The Oaken Snuggery Part 15

 


Photos by Suzanne Currie


THE OAKEN SNUGGERY - PART 15


BY TED CURRIE


     Suzanne was going through my ghost archives this afternoon, and reminded me, in a phone call earlier, that she had found the black and white photograph I had taken of “Animal” the cat, back when I lived in the former home and medical office of Dr. Peter McGibbon, of Bracebridge. It was my first and only photograph of a ghost, or at least part of one. It was back in 1981 when I was residing in an upstairs apartment in the McGibbon house, on upper Manitoba Street, opposite Memorial Park. It is gone now and has been replaced with a modern office building. I lived in the one bedroom apartment with Animal the cat, a stray that had been dumped off at the former Herald-Gazette office, on Dominion Street. And when I suggest it was dropped off, it was actually tossed out of a moving car, while a reporter and I stood out front of the office, thinking about heading over to the local press club for a pint of ale. It all changed when Animal arrived on the scene rather unceremoniously, but without injury thankfully. I decided to become a pet owner, and as I was without any other encumbrance than rent and monthly bills, it seemed reasonable that I could support a kitten.

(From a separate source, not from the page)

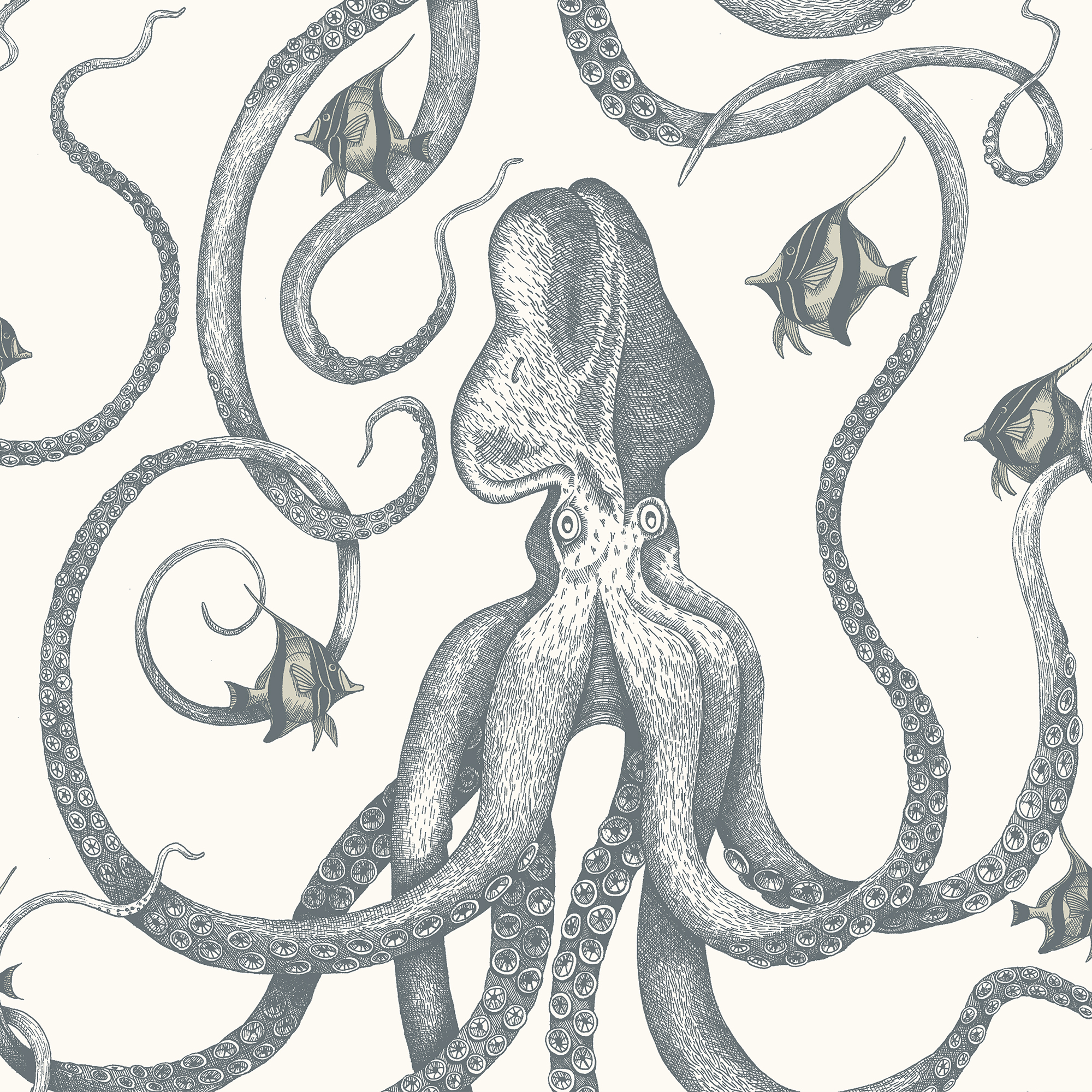 This wallpaper has an unapologetically eye catching design. This eight limbed creature will bring any room to life. Hand drawn with a fine line and meticulously repeated.

     Animal, after it had been in the apartment for several months, developed a keen interest in the doorway between the open kitchen / living room, and the bathroom; and the doorway at the back where it connected with the attic on the way up, and the kitchen of the apartment on the first floor. When we arrived at the McGibbon house to set up an antique shop in 1977, I lived in the bottom apartment where we had our store, and we also were entitled to use the attic as the main renters of the property. I had a ghostly encounter coming down those same stairs one evening, when in a dark passage way, I literally walked through a white cloud of chilled, misty air, which I believe now was the spirit of a recently deceased individual who had once lived in the house many years previous. I found out three days later, that the fellow had crossed over at the same time as I encountered the mysterious vapor. I found this out when the family of the deceased showed up in my antique shop to see the old haunts where their uncle used to reside. They had just attended his funeral at the parlor next door to the house.

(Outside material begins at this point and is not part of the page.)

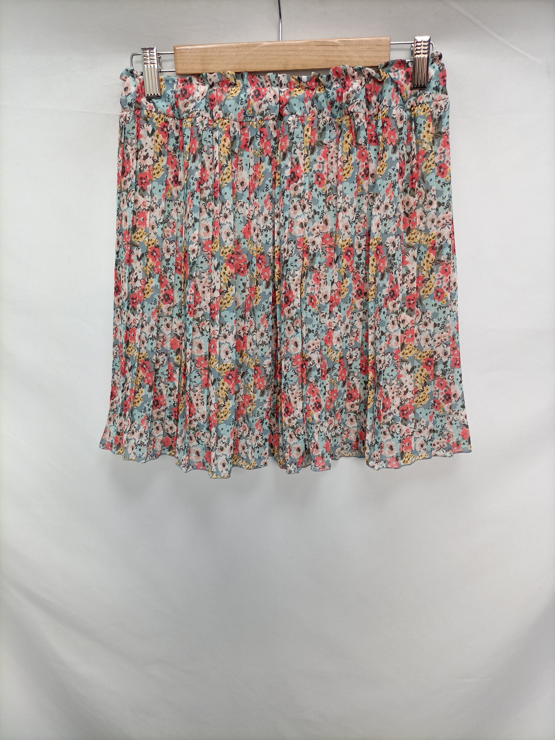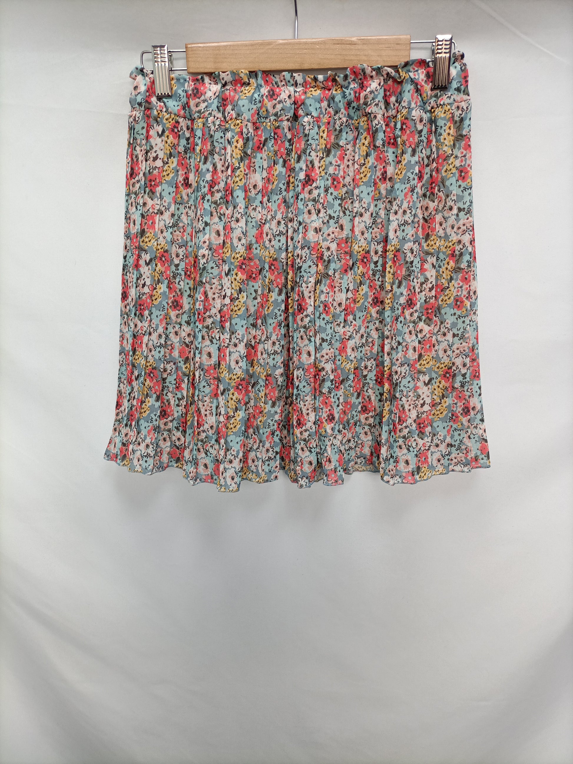 Falda corta de tablas con estampado de flores y cintura elástica. Largo 46 cm

     Where Animal used to situate herself at about seven o’clock every evening, in the doorway, was about fifteen feet from where I had witnessed the stairway ghost that night. After several months of watching Animal head off to the doorway at 7 p.m. I arranged with a darkroom technician at The Herald-Gazette, of which I was editor, to set my camera with a motor-wind and a bulk loaded black and white film, with a pre-set flash unit mounted to the side, to take a number of images of the cat in the doorway, to see if anything else shows up on a negative. Of a large number of photos banged off with the motor-wind, there was only one that showed a distinct yet small cloud of vapor in a direct line from the cat’s turned head, to the corner of the doorway, at about the five foot level of the opening. The photo technician attempted to prove that the smudge of grey vapor was actually a camera lens flaw, but in examining all the other frames, there was simply no evidence of such an imperfection with the glass such that it would only show up on one negative. We studied that image for hours,  drawing lines from the cat’s head, and eye, to the vapor hovering above, and it was obvious Animal was attracted to the nightly visitation, a ghost possibly of a former resident of the house. The visitations continued every night, and the cat always attended the visiting entity. If it was a ghost, it certainly wasn’t threatening or in the least frightening. It was just a daily apartment inspection by the paranormal. I must have passed muster because it didn’t complain about my housekeeping.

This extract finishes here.